Ready to buckle down

Hi everyone! My name is Brianna, and I'm unfortunately at my highest weight ever right now. I am ready to change my lifestyle and lose the pounds. My motivation is fitting in my mom's wedding dress! She had a 19" waist when she got married, and while my bone structure will never allow that, I need to be as close as I can be so that they can still let the dress out to fit me. I have until May 2015!

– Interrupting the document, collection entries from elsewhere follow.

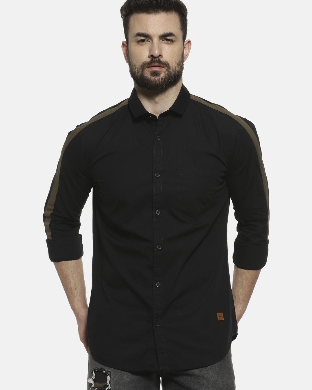 Men's Black Shoulder Striped Shirt
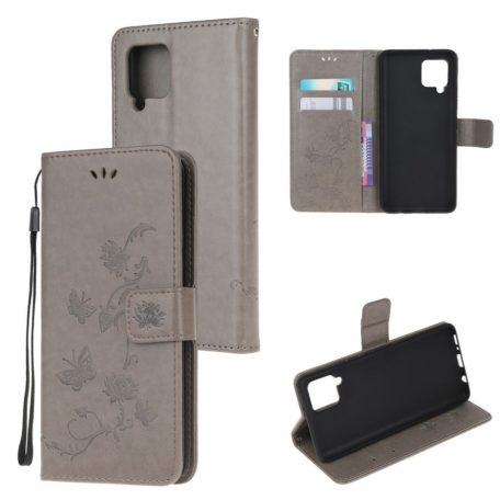 Hillityn harmaaseen koteloon tuo ilmettä perhosin ja kukkasin painetut kuvioinnit, suojaava tuote Samsung Galaxy A12 puhelimelle.
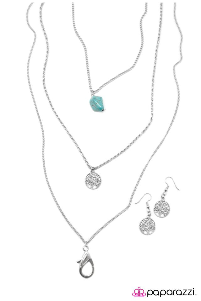 A turquoise stone is suspended above an enchanting tree charm for a whimsically layered display. A lobster clasp hangs from the bottom of the design to allow a name badge or other item to be attached. Features an adjustable clasp closure. Sold as one individual lanyard. Includes one pair of matching earrings.

I have always battled my weight. When I was growing up, my grandparents asked me every time they saw me how much I weighed, and then would proceed to tell me that I needed to lose weight (this was through my puberty years). I slimmed out as I grew taller, but then gained about 15-20 pounds when I was a sophomore in college (the year I moved into a dorm).
My senior year I tried the Dukan diet and lost about 30 lbs, down to my slimmest. I felt great, but life happens, and I went off the diet.
About 6 months ago I started fighting a strong battle against my anxiety and depression. I have been diagnosed with Generalized Anxiety Disorder with depression, but my psychiatrist was someone who didn't listen or care, so I'm not sure I agree with that diagnosis. I think my main problem is depression, I am only anxious when I am depressed. Anyways, I have always struggled with it, but it has become really hard the last 6 months, and as a result of my stress eating, I have gained about 50 lbs. I feel awful, and I know it doesn't help my mental health.
Because I am taking things slow, and because I am really busy, I am starting by working out with a friend 3 times a week. I'm keeping my calories around/under 1700 a day. I'm also taking some supplements/vitamins from Itworks Global which have been helping a lot. And I cheat on the weekends. Right now that's what's keeping me eating clean during the week, and I hope to eventually cut that out.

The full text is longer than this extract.